Showing 1-5 of 44 (next | show all)
That's a lot of work to go to just to set up that one pun. ( )
  g026r | Jul 25, 2017 |
It's October--the best month of the year. Halloween (the best holiday of the year) is just around the corner. The leaves are starting to fall, and the air has a pleasant bite to it. It's time to settle down with a slice of pumpkin pie, a mug of hot apple cider, and a good book. But what to read? Perhaps you're reaching for something from Bradbury's oeuvre? Maybe The Halloween Tree or Something Wicked This Way Comes? Save those for next year, and read this instead. This is the great Halloween book that nobody talks about in the same breath as Bradbury, but in reality should be mentioned first.

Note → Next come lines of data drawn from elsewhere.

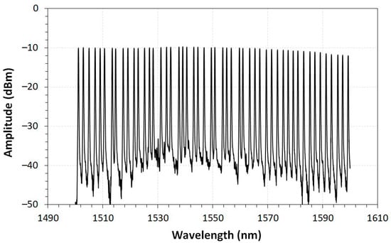 The characterization of the commercial FBG array was obtained by using an FBG interrogator. The FBG array spectrum with 50 peak wavelengths is shown in Figure 13. As can be seen, the 50 FBGs inscribed in the FBG fiber array are almost equally spaced by 2 nm, starting from 1500.5 nm to 1598.5 nm. The spectrum is well balanced with an almost flat response with a maximum deviation of 2.7 dB in the entire range.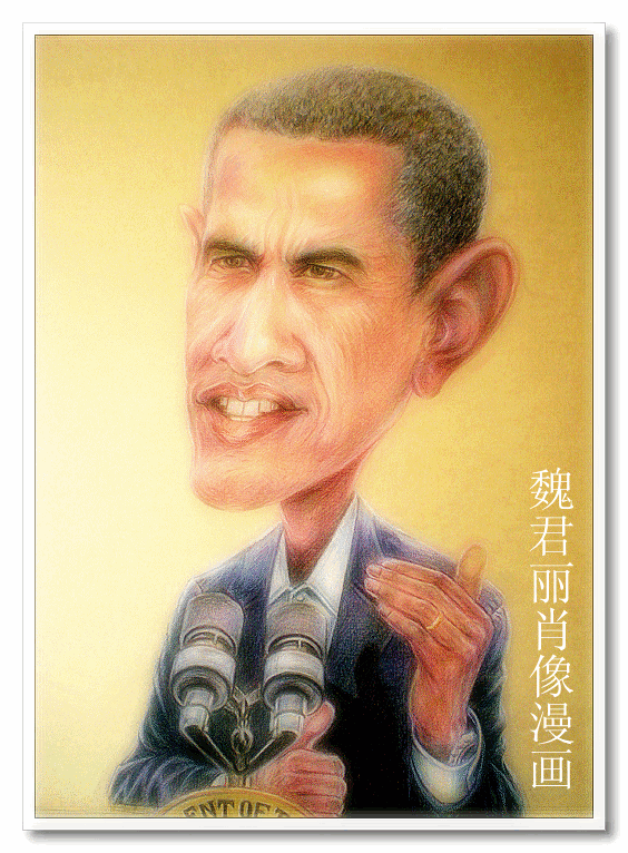 魏君丽肖像漫画,奥巴马漫画肖像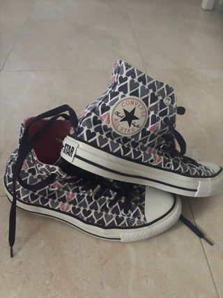Zapatillas altas Converse All Star con un divertido estampado de corazones. - Diseño de corazones en gris y rosa. - Cierre con cordones. - Logo de All Star en el lateral. -Adquiridas en EEUU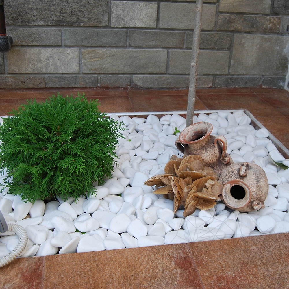 Die Thassos Marmor Kieselsteine sind nicht nur aufgrund ihres ästhetischen Reizes eine hervorragende Wahl. Sie bieten auch eine hohe Langlebigkeit und Pflegeleichtigkeit, was sie zu einer praktischen Lösung für Bereiche mit hohem Fußgängerverkehr macht. Die weiße Farbe der Kieselsteine kann zudem Licht reflektieren und somit zu einer helleren und einladenden Atmosphäre beitragen.

A small village outside of London in the Victorian era finds itself infested by strange characters. Sherlock Holmes and Watson, Dracula, Jack the Ripper, Doctor Frankenstein, etc. None of them are explicitly labeled (Holmes is 'the great detective' and Frankenstein is 'the good doctor'). Much more obscure references exist alongside the obvious ones. They are all part of "The Game"--a mysterious task in which they are all involved, some on one side, some on the other. All the players have sentient animal familiars. Jack's familiar, a large watchdog named Snuff, is our viewpoint character for the entirety of the novel. He helps his master carry out his occult duties while also roaming the neighborhood and trading information and favors with the other animal familiars in the area to try and figure out who all the players are and what side they're on.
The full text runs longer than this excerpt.